→ **Activity**: The reply must contain exactly the lines below from the one with "Другой вопрос, что" down to the one with "Click for More", both included, and nothing more; please omit the pictures.

→ **Supplied records**:
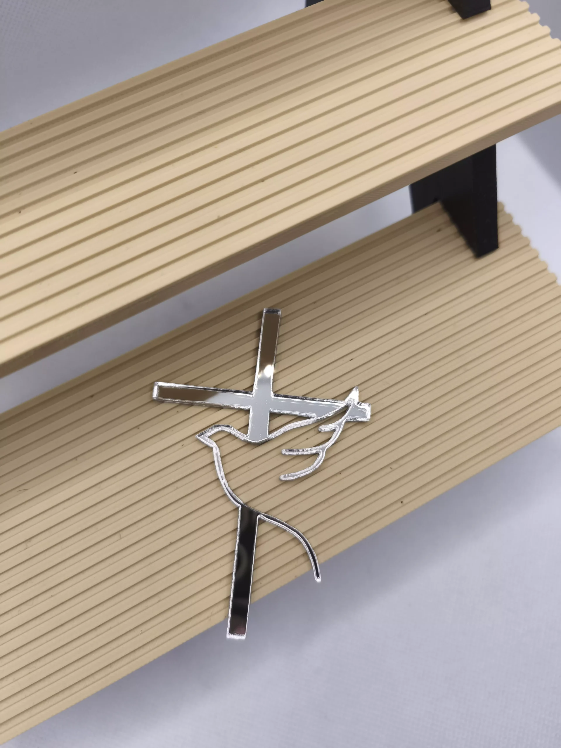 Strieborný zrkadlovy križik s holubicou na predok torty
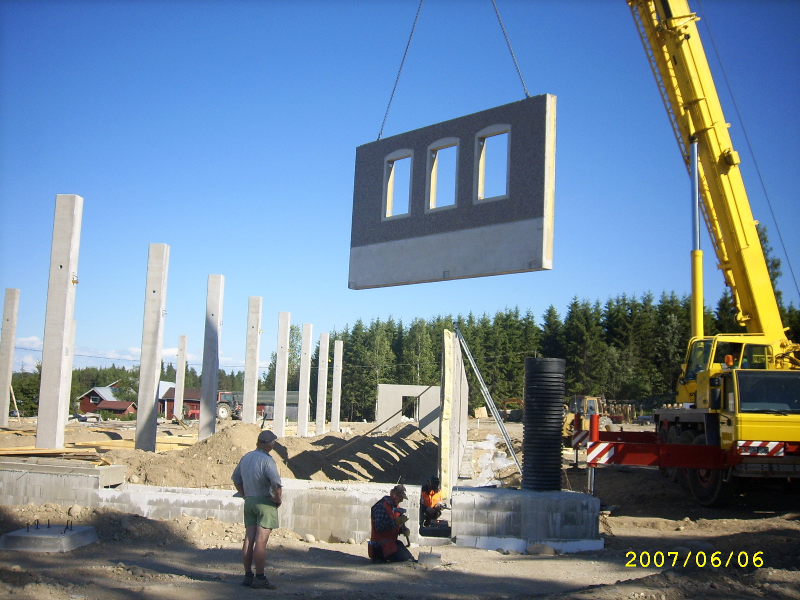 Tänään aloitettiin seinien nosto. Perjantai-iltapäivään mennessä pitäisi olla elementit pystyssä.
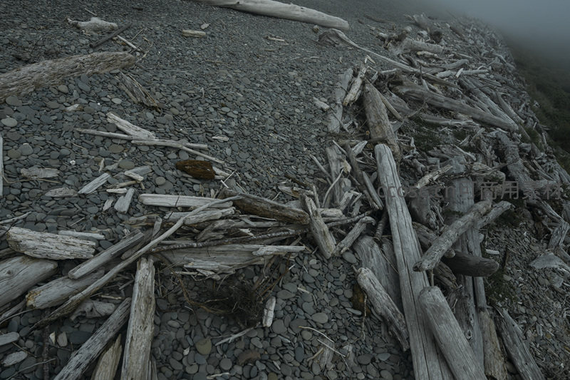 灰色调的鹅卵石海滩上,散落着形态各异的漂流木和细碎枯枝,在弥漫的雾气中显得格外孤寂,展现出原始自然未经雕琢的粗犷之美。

==

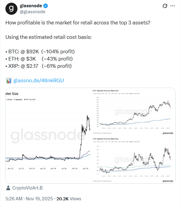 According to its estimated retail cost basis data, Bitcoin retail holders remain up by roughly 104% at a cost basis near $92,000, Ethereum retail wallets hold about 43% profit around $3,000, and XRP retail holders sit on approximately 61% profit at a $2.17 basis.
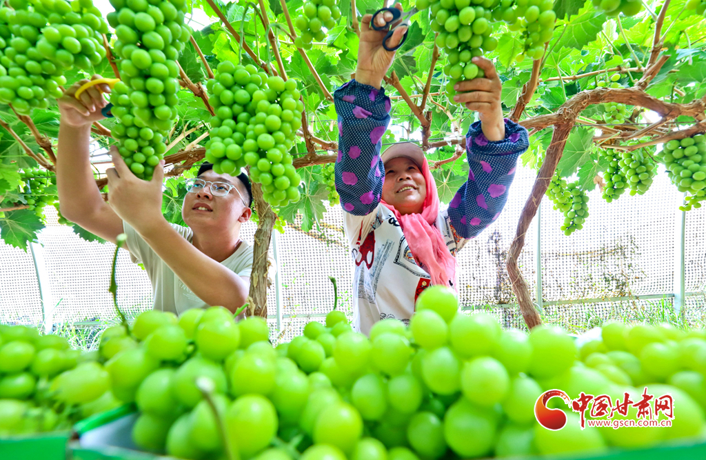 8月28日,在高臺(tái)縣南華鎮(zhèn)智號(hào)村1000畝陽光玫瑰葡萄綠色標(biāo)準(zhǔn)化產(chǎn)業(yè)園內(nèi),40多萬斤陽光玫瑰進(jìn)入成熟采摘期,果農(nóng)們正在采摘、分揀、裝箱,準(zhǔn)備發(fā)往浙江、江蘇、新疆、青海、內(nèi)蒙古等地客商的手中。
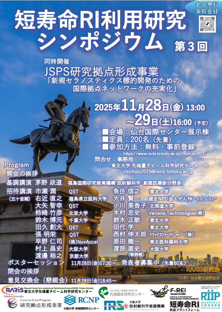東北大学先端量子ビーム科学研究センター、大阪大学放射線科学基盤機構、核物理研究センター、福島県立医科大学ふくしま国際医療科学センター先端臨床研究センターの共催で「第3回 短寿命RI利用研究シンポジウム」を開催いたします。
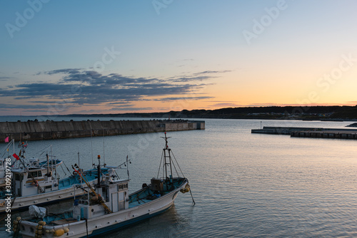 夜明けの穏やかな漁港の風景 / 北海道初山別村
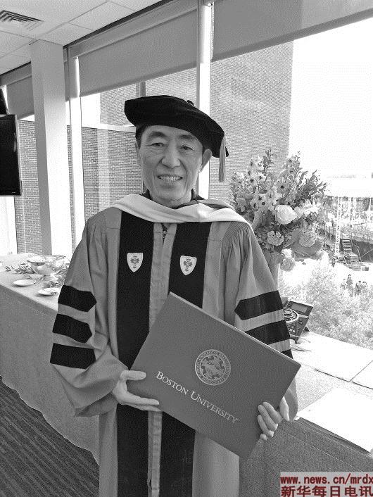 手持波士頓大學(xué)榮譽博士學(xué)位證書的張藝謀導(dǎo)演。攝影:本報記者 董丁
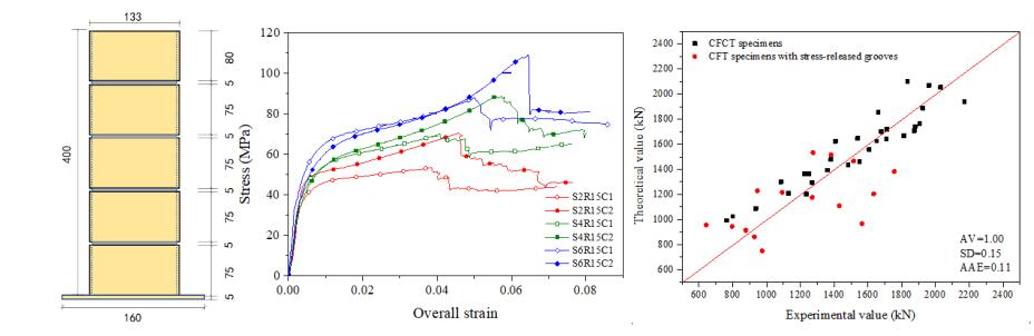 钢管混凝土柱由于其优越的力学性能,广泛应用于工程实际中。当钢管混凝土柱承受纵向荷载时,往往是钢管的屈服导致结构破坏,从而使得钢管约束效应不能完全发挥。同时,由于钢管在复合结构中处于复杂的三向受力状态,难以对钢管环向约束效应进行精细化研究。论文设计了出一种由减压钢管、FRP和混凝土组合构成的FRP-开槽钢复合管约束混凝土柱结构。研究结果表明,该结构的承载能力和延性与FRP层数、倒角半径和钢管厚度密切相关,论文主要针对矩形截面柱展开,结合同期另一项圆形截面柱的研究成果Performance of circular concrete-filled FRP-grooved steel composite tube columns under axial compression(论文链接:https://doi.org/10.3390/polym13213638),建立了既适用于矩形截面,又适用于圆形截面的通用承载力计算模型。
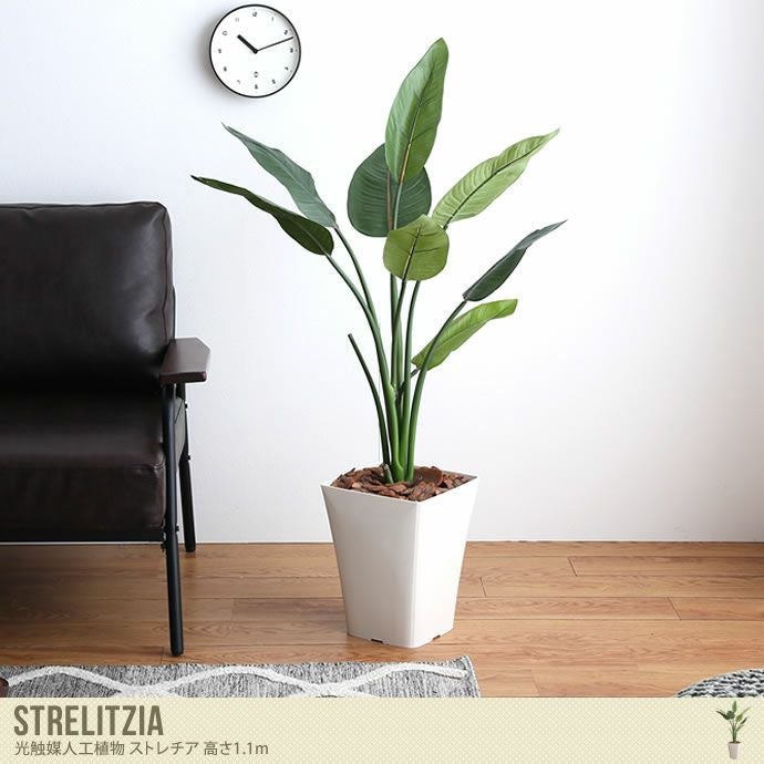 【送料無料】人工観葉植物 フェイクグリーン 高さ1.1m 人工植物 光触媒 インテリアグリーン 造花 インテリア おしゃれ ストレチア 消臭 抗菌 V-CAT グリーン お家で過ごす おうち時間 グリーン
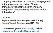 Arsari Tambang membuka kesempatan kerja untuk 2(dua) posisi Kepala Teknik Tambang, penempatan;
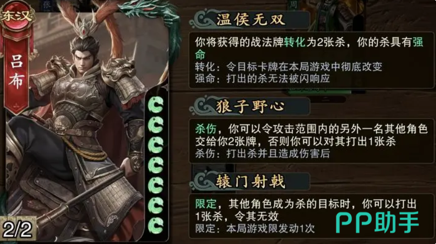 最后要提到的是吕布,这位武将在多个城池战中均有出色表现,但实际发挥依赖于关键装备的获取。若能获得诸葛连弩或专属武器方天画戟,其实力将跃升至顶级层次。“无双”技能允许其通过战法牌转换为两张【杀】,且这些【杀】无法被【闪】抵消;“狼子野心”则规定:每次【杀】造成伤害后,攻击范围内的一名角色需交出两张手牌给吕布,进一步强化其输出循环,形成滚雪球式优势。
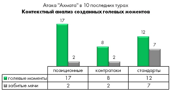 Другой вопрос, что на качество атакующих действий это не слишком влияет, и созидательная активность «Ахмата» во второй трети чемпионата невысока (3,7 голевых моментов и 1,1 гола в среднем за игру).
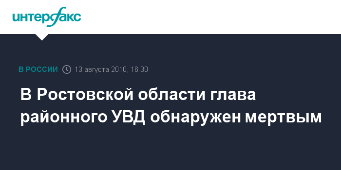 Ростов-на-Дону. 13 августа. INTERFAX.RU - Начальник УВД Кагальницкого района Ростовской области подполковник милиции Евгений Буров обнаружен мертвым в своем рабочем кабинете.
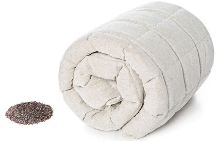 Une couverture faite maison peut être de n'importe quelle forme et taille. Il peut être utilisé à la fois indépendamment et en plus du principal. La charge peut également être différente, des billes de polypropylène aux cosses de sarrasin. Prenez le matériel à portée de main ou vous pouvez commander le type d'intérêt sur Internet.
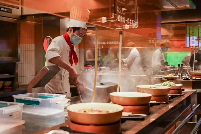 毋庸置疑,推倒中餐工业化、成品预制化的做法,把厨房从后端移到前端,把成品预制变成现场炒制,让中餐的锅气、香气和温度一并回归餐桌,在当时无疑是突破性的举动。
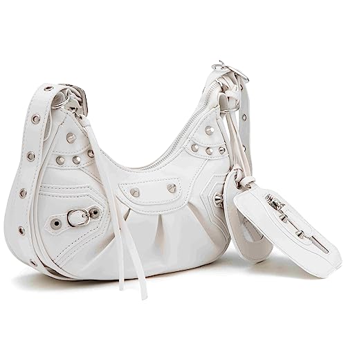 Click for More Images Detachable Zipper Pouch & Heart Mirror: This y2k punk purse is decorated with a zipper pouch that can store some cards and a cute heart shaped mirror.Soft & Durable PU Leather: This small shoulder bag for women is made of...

→ **Answer for the task**:
 Другой вопрос, что на качество атакующих действий это не слишком влияет, и созидательная активность «Ахмата» во второй трети чемпионата невысока (3,7 голевых моментов и 1,1 гола в среднем за игру).
 Ростов-на-Дону. 13 августа. INTERFAX.RU - Начальник УВД Кагальницкого района Ростовской области подполковник милиции Евгений Буров обнаружен мертвым в своем рабочем кабинете.
 Une couverture faite maison peut être de n'importe quelle forme et taille. Il peut être utilisé à la fois indépendamment et en plus du principal. La charge peut également être différente, des billes de polypropylène aux cosses de sarrasin. Prenez le matériel à portée de main ou vous pouvez commander le type d'intérêt sur Internet.
 毋庸置疑,推倒中餐工业化、成品预制化的做法,把厨房从后端移到前端,把成品预制变成现场炒制,让中餐的锅气、香气和温度一并回归餐桌,在当时无疑是突破性的举动。
 Click for More Images Detachable Zipper Pouch & Heart Mirror: This y2k punk purse is decorated with a zipper pouch that can store some cards and a cute heart shaped mirror.Soft & Durable PU Leather: This small shoulder bag for women is made of...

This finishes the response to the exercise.